**Given data**
Content starts

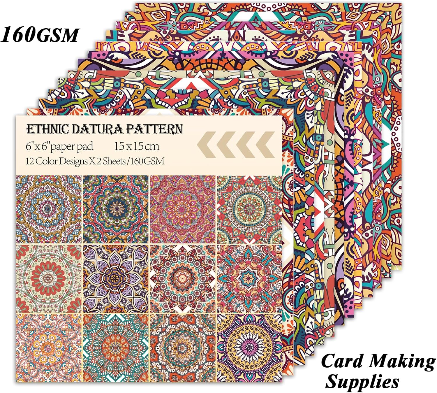 24 Sheets 12 Designs Scrapbook Paper Pad,6"×6” Single-Sided Decopodge Craft Cardstock Paper,Scrapbooking DIY Decorative Background Cardmaking Supplies.Datura
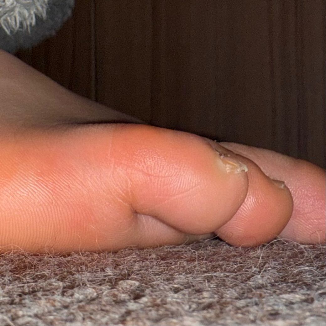 새끼발가락이 걸을 때 땅에 잘 닿지 않고 들리는 것은 대부분 새끼발가락 변형(망치족지/갈퀴족지) 또는 신발 압박으로 인한 자세 변화 때문에 생길 수 있고, 사진에서 보이는 발가락 끝의 각질과 피부가 벗겨진 모습은 무좀이라기보다는 마찰로 생긴 굳은살/티눈(각질) 가능성이 더 높아 보입니다. 다만 발가락 사이 피부가 하얗게 짓무르거나 가렵고 냄새가 나면 발가락 사이 무좀도 같이 있을 수 있습니다. 당장 응급은 아니지만, 통증이 있거나 걸을 때 계속 불편하고 굳은살이 반복된다면 정형외과(족부) 또는 피부과에서 진료를 받아 발가락 변형 여부와 각질(티눈/사마귀) 여부를 확인하는 것이 좋습니다!
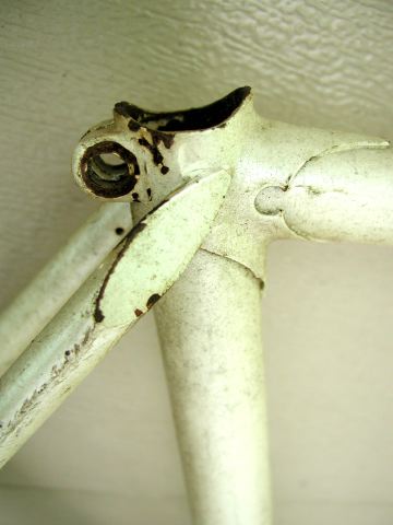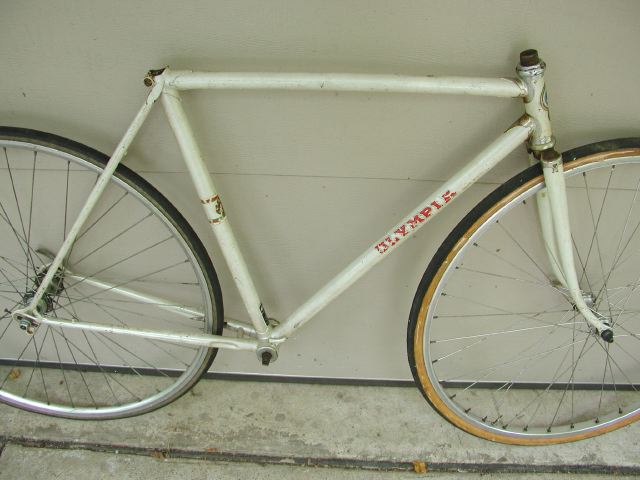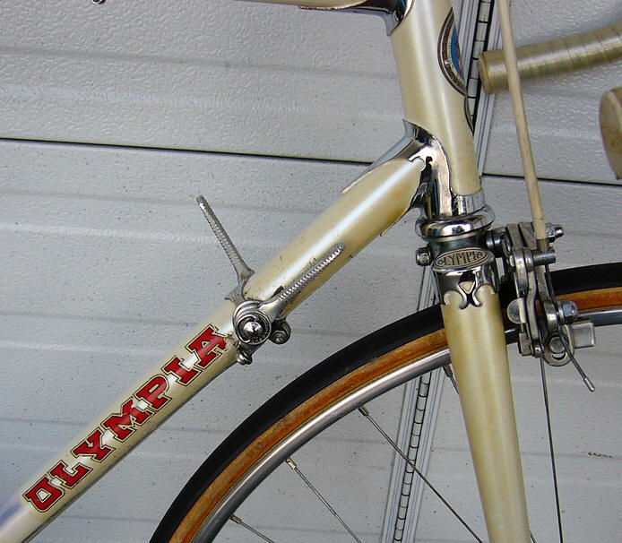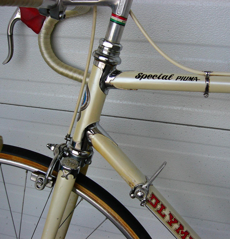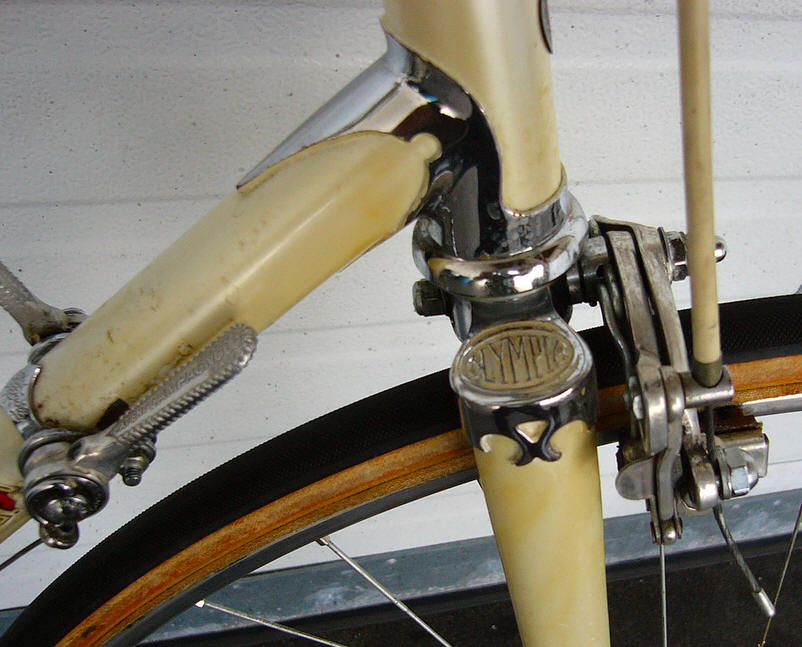“In 1959, the firm was bought by two bicycle makers, the brothers Antonio and Pasquale Fontana, to compliment their other, less exalted marques. These included Winter, Willes and San Remo. Olympia gave them an opportunity to compete with the best bikes on the market. Frame builder Augusto Daniele built their Competizione model, which was equipped with the top Campagnolo components. It featured carefully filed lugs, excellent torch work, short, upright geometry and a variety of bottom bracket cut-outs. Visually, it was distinguished by its long chromed, concave seat stay caps. The three top models (Comp, Special Piuma & Sprint Junior) had an unusual, fragile pearlescent finish. Unlike modern finishes, it used natural pearl essence, as found in nail polish, instead of metal or mica flakes. These bikes were antique white through the early 70s, then other base colors were used under the pearl (yellow, copper, blue and possibly others).”

Content ends

**Exercise instructions**
Please retype the whole of the data precisely, omitting pictures.

**Answer to the exercise**
 24 Sheets 12 Designs Scrapbook Paper Pad,6"×6” Single-Sided Decopodge Craft Cardstock Paper,Scrapbooking DIY Decorative Background Cardmaking Supplies.Datura
 새끼발가락이 걸을 때 땅에 잘 닿지 않고 들리는 것은 대부분 새끼발가락 변형(망치족지/갈퀴족지) 또는 신발 압박으로 인한 자세 변화 때문에 생길 수 있고, 사진에서 보이는 발가락 끝의 각질과 피부가 벗겨진 모습은 무좀이라기보다는 마찰로 생긴 굳은살/티눈(각질) 가능성이 더 높아 보입니다. 다만 발가락 사이 피부가 하얗게 짓무르거나 가렵고 냄새가 나면 발가락 사이 무좀도 같이 있을 수 있습니다. 당장 응급은 아니지만, 통증이 있거나 걸을 때 계속 불편하고 굳은살이 반복된다면 정형외과(족부) 또는 피부과에서 진료를 받아 발가락 변형 여부와 각질(티눈/사마귀) 여부를 확인하는 것이 좋습니다!
“In 1959, the firm was bought by two bicycle makers, the brothers Antonio and Pasquale Fontana, to compliment their other, less exalted marques. These included Winter, Willes and San Remo. Olympia gave them an opportunity to compete with the best bikes on the market. Frame builder Augusto Daniele built their Competizione model, which was equipped with the top Campagnolo components. It featured carefully filed lugs, excellent torch work, short, upright geometry and a variety of bottom bracket cut-outs. Visually, it was distinguished by its long chromed, concave seat stay caps. The three top models (Comp, Special Piuma & Sprint Junior) had an unusual, fragile pearlescent finish. Unlike modern finishes, it used natural pearl essence, as found in nail polish, instead of metal or mica flakes. These bikes were antique white through the early 70s, then other base colors were used under the pearl (yellow, copper, blue and possibly others).”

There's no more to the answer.